It was bad enough for retailer TigerDirect to find itself displaced in search engine rankings by Apples Mac OS X 10.4, with its own well-promoted Tiger nickname. (District Court to TigerDirect: "Get over it.") Things are much worse this morning for anyone other than Microsoft and Sun with a pitch to make for federated identity technology. The two companies Friday announcement of single-sign-on standards collaboration has swamped the Web with well over 200 nearly identical stories, as of this morning, discussing the prospect of unified access to Liberty and WS-family architectures.
Its not hard to find arguments in favor of single sign-on. Setting up separate accounts for every user on every Web resource, even if the only purpose is to track usage of free services rather than actually securing sensitive assets, is costly and inconvenient. Users spend time logging on and seeking password assistance. Overwhelmed by the number of separate passwords and user names that they must manage, users adopt insecure practices including use of a single (and often obvious) password for multiple sites, often combined with automatic-login facilities in Web browsers that effectively authenticate the device rather than the user.
But if its clearly a bad idea to juggle too many separate eggs, its at least as bad an idea to have all ones asset-protection eggs in one basket -- or perhaps I should say, to protect them all with a single lock, which is in effect what happens with a federated identity scheme.
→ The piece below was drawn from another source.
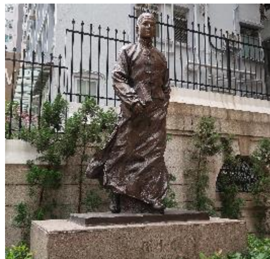
紀念館門口的孫中山銅像，是以其青年時期為樣貌。

除了靜態文物呈現孫中山與近代史的一般性主題，該紀念館特別強調香港在近代中國中的特殊地位，這除了根源於孫中山與香港的緊密意義，該館似乎也特別提出此一命題：19世紀末期的香港，為何可以塑造出如孫中山這樣引領思潮的人物？19世紀的香港，無論在政經制度、市政建設、衛生醫療，甚至接受現代思潮的程度，均領先中國甚多，同時香港更是一個東西文化交匯點，也是近代中國現代教育的一扇窗口。因此，該館特別著重呈現香港在上述時代意義的重要角色，也是根基於上述條件，足以培育諸如孫中山這樣的新時代青年，也鼓動並支撐著革命運動的推動。在紀念館大門口所設置的孫中山銅像，是以手持書卷的朝氣青年為形象，正足以說明該館的設立宗旨，並藉以區隔各地孫中山紀念館所，乃因香港正是孫中山之所以成為近代中國重要人物的基礎。

If you have access to any system within a circle of trust, you have some degree of access to every other system that shares in that trust relationship. Thats why its a terrible idea for the convenience of single sign-on to get too far ahead of the rigor of user authentication, or to outpace the discipline and accuracy of our definitions of trust relationships.
Its a mistake to compare one mess to another, and to say that the less messy approach is ipso facto better. The current situation of separate accounts for separate services creates tangible costs, granted. Those costs would be reduced with a more streamlined system of single-sign-on technology, no question. IT vendors would like to sell that technology, and IT buyers would like to substitute that capital investment for the continuing costly labor of administrators and the unproductive lost time of users, clearly.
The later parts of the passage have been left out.